The fix is a design decision, not a technology decision, and it needs to happen on day one. When scoping a maker-checker implementation, the override capture mechanism — what was wrong, why it was wrong, what category of error it represents — is a first-order design requirement. It belongs in the same conversation as model architecture and integration design. Retrofitting structured exception logging into a system that was designed to store only the final approved output is painful, slow, and often blocked by the same legacy infrastructure that made the AI deployment attractive in the first place.
There is a deeper problem underneath this one. The maker-checker pattern, as typically implemented, optimises for the wrong thing. It optimises for the checker catching errors, which means the system’s success metric is “low error rate in final outputs.” That is necessary but insufficient. The metric that actually matters is “declining error rate over time” — evidence that the system is learning from its corrections, not just being corrected. If the error rate in the AI’s raw output is flat quarter over quarter while the checker catches everything, you have an expensive spellchecker, not a learning system.
The institutions that get this right tend to discover it accidentally. An analyst notices that the model’s output improved in a specific area after a batch of corrections with detailed notes. Someone investigates and realises the structured feedback was being ingested. The improvement was real. Then they look at the areas where feedback was unstructured — just approvals and overrides with no annotation — and find the model performance is flat. The evidence builds itself, but only if someone is looking.
Rules-based automation does not have this property.
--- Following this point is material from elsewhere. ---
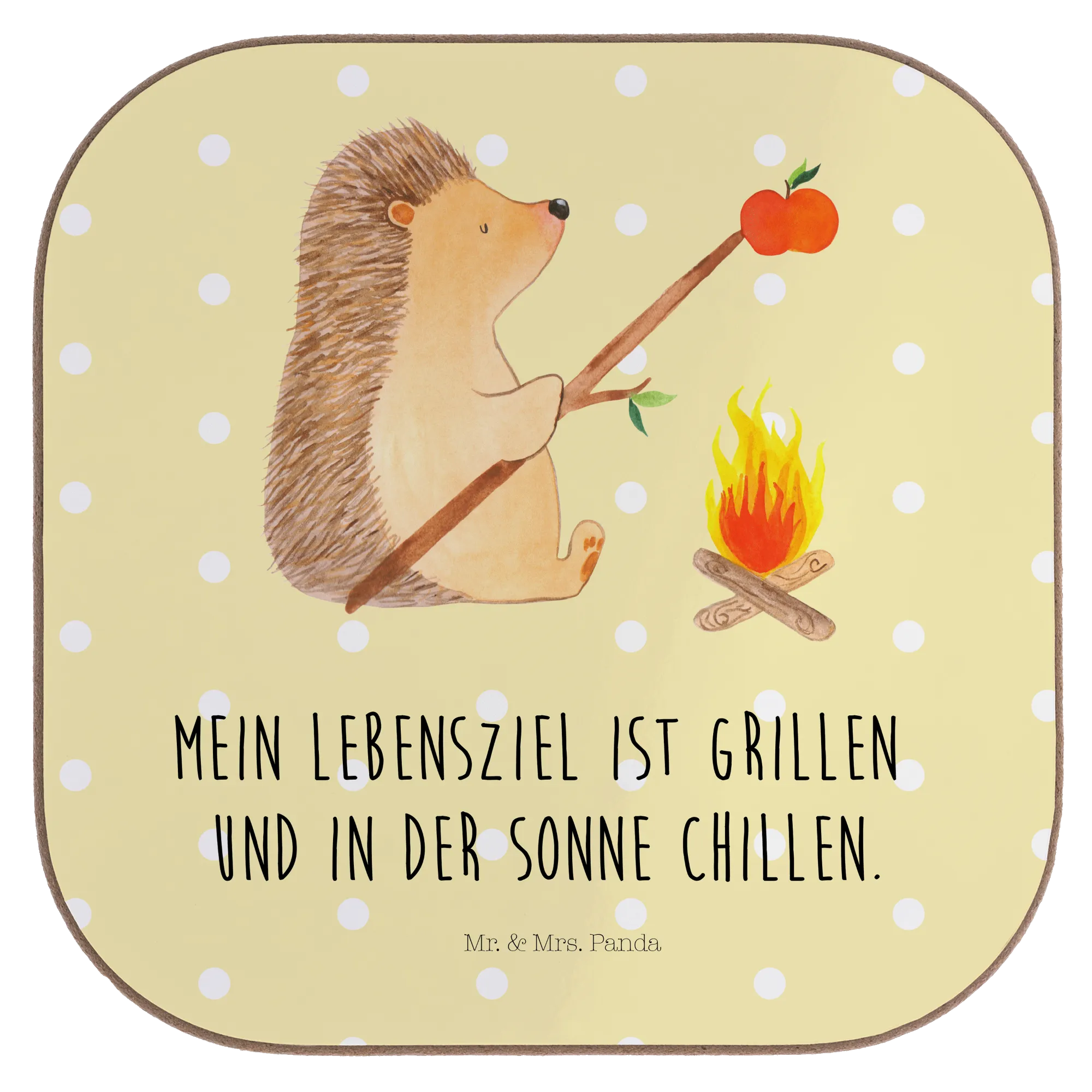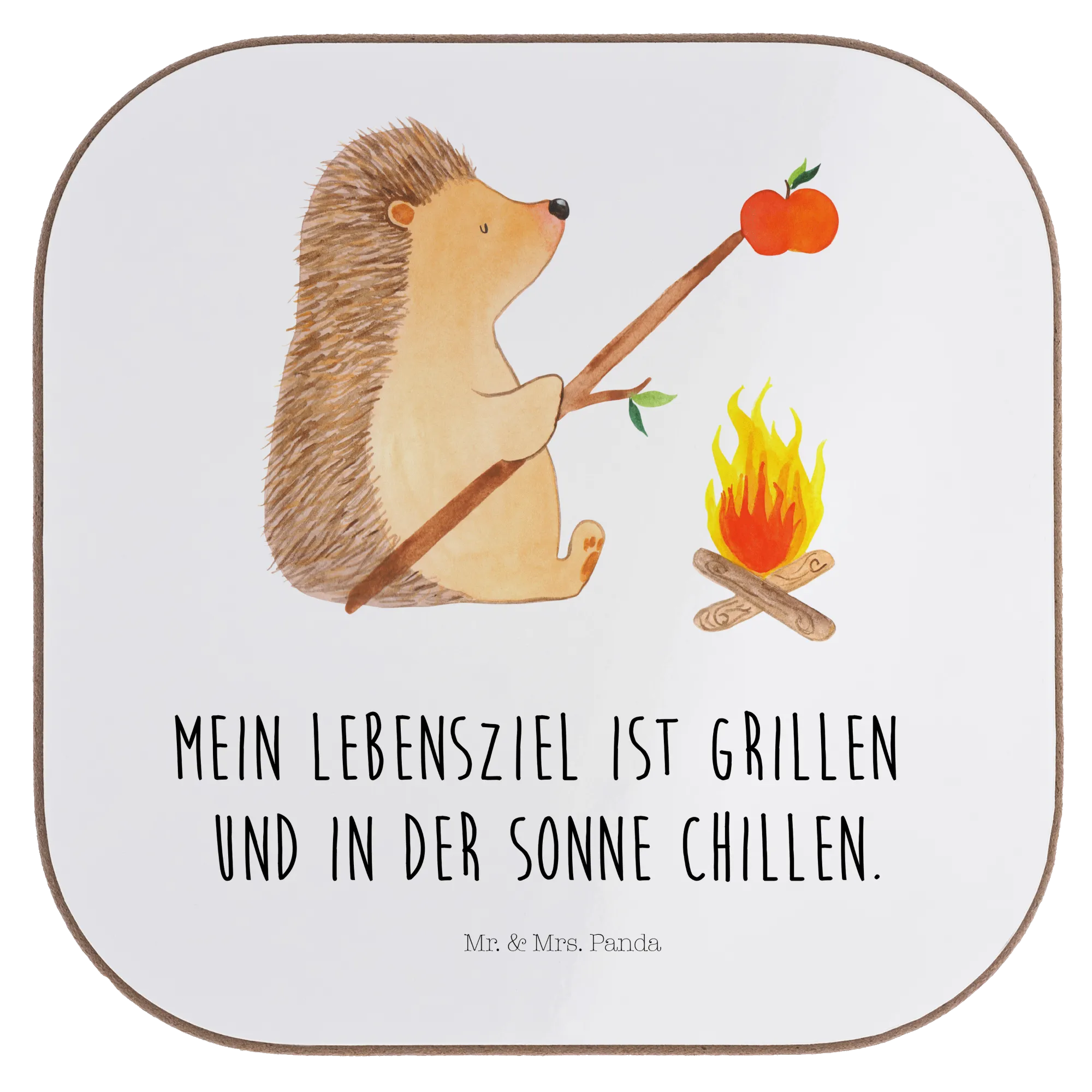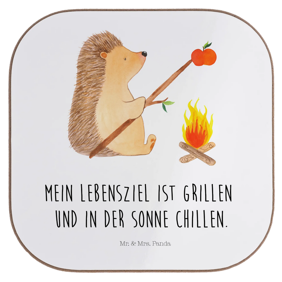 Square coaster Hedgehog grilling - with saying - White

When you override a rule, you manually update the rule. There is no compounding learning loop. The maker-checker feedback mechanism is specific to ML and GenAI systems, and it is one of their genuine structural advantages over rules-based approaches. But only if the capture mechanism is designed for it. Most are not.
The question to ask of any maker-checker deployment: six months from now, will the checker’s workload be lower because the system learned, or the same because it did not? If the answer is “the same,” the checker is not checking — they are subsidising a system that refuses to improve.